If set to .true., all stability dependence is suppressed and
neutral logarithmic profiles are used for all calculations;
all other namelist parameters ignored
real :: drag_min = 1.e-05 (non-dimensional)
The drag coefficients (for both momentum and temperature)
are not allowed to fall below drag_min
integer :: stable_option = 1
must equal either 1 or 2
two version for the similarity functions on the stable side
real :: rich_crit = 2.0 (non-dimensional)
The first step in applying the similarity theory is computing
the bulk Richardson's number Ri between the lowest model level
and the surface. If Ri is greater than rich_crit, the drag
coefficients are set to drag_min.
This value also affects the drag coefficients under stable conditions
for either choice of stable_option, as the drag is arranged to
becomes very small as rich_crit is approached
real :: zeta_trans = 0.5 (non-dimensional)
A parameter in the stable-option = 2 piecewise linear similarity
function for the stable side. Increasing zeta_trans reduces
the drag and the implied diffusivities
Revision history
changes (10/4/1999)
MPP version created. Minor changes for open_file, error_mesg,
and Fortran write statements. Answers should reproduce the
previous version.
more changes (10/01)
-- time smoothing option removed
-- second optional similarity function on stable side added
-- stable_mix interface added
-- code rearranged substantially for clarity, removing initial
aggregation of points into unstable and stable sets
-- answers reproduce for stable_option = 1 except in the very
rare instance of points that are very close to neutral.
These need to be treated separately to avoid a divide by sero.
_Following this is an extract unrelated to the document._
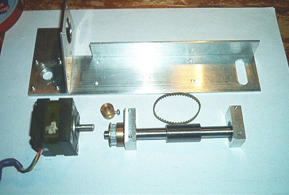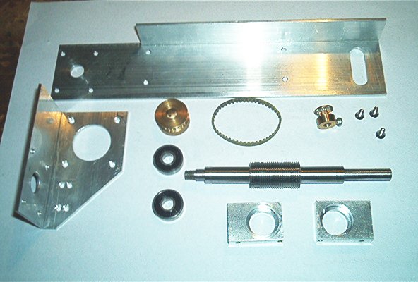Kompletny montaż zawiera także sinik krokowy połączony ze śrubą napędową przekładnią paskową w stosunku 2:1 składającą się z elementów systemu T2.5: koła zębatego 12 zębów na osi silnika, koła zębatego 24 zęby na osi śruby oraz paska zębatego o długości 120 mm (48 zębów). Wkręty użyte do skręcenia wsporników śruby oraz łożysk to M3 z łbem stożkowym. Otwory na te wkręty wykonane w podstawie zespołu napędowego są fazowane pod łby śrub aby podstawa mogła płasko leżeć na powierzchniach montowania i mogła się bez oprów obracać wokół otworu wykoanego od strony silnika. Odległości w jakich leżą oś silnika i oś śruby napędowej są tak dobrane, że powodują wstępne napięcie paska a dokładną regulację napięcia można uzyskać przez zmianę położenia silnika na wsporniku. |

In this version, the drag coefficients at these points are simply
set to the neutral value
FATAL ERRORS in MONIN_OBUKHOV_INIT in MONIN_OBUKHOV_MOD
-- rich_crit in monin_obukhov_mod must be > 0.25
-- drag_min in monin_obukhov_mod must be >= 0.0
-- the only allowable values of stable_option are 1 and 2
-- zeta_trans must be positive
FATAL ERROR in solve_zeta in monin_obukhov_mod
-- surface drag iteration did not converge
None known
If iteration convergence is ever a problem, one can consider precomputation and table interpolation It would be convenient if changing the derivative similarity functions automatically modified the integral functions and stable_mix (this would presumably require numerical integration and table look-ups as opposed to analytical expressions)